Figure 3. SFI inhibits the STAT3/AKT branch activated by IL-22 treatment in PC9/GR and H1975 cells. (A, B) Western blot of PC9/GR and H1975 cells determining p-STAT3 and p-AKT following stimulation with IL-22 (50 ng/mL) for 10 or 30 min. (C, D) Western blot analysis of PC9/GR and H1975 cells was stimulated with IL-22 (50 ng/mL) for 20 min after pre-treated or not with 10 mg/mL SFI for 24 h or 48 h.
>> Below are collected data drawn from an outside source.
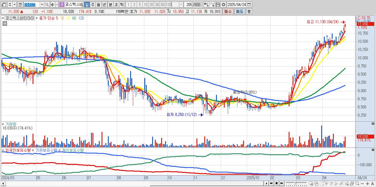 - 코스맥스비티아이 (11,030원 ▲ 1.1% , 시총: 1,059억, 거래량: 18,030, 거래대금:2억, KOSPI)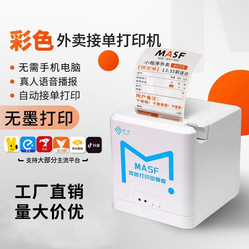 美团饿了么彩色外卖打印机WiFi全自动接单小票机4G餐饮双色专用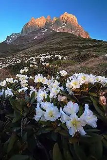 С кустарниковых фитоценозов Казбегского национального парка наиболее заметны заросли рододендрона и облепихи. Рододендровые заросли развиваются в высокогорье на открытых западных и северных склонах. В формировании этой растительной группировки принимает участие рододендрон кавказский с примесью можжевельников и черники. Другие кустарниковые заросли растут преимущественно на скалистых берегах Терека. Самые большие по площади чистые участки облепихи (до 20 га) сосредоточены на южной и северо-западной окраинах дабы Степанцминда[2].

Results are expressed as mean ± SEM (n = 3) *p < 0.05, **p < 0.01, ***p < 0.001 when compared with control group; #p < 0.05, ##p < 0.01, ###p < 0.001 when compared with IL-22 group in A, B, C, and D.
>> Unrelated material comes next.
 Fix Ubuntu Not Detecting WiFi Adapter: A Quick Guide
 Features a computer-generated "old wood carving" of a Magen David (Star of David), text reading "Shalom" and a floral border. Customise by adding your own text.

Figure 4. SFI facilitates the gefitinib cytotoxicity of PC9/GR and H1975 cells. (A, B) Cell proliferation inhibition profiles were measured after 48 h of different concentrations of gefitinib (30, 15, 7.5, 3.25 μmol/L), respectively co-administered IL-22 (50 ng/mL) alone or in combination with SFI (10 mg/mL) exposure to PC9/GR and H1975 cells. (C) Clonogenic assays of PC9/GR and H1975 cells after gefitinib alone, gefitinib + IL-22, gefitinib + SFI, and gefitinib + IL-22 + SFI treatment for 13 days. (D) After 48 h incubation with different schemes, including gefitinib alone, gefitinib + IL-22, gefitinib + SFI, and gefitinib + IL-22 + SFI, flow cytometric analysis of apoptosis was detected, and the data were processed by FlowJo VX software. Results are expressed as mean ± SEM (n = 3) *p < 0.05, **p < 0.01, ***p < 0.001, ****p < 0.0001, when compared with gefitinib; ^##p < 0.01, ^###p < 0.001, ^####p < 0.001 when compared with gefitinib + IL-22.

Data availability statement

The data sets used in the current study are available from the corresponding author upon reasonable request.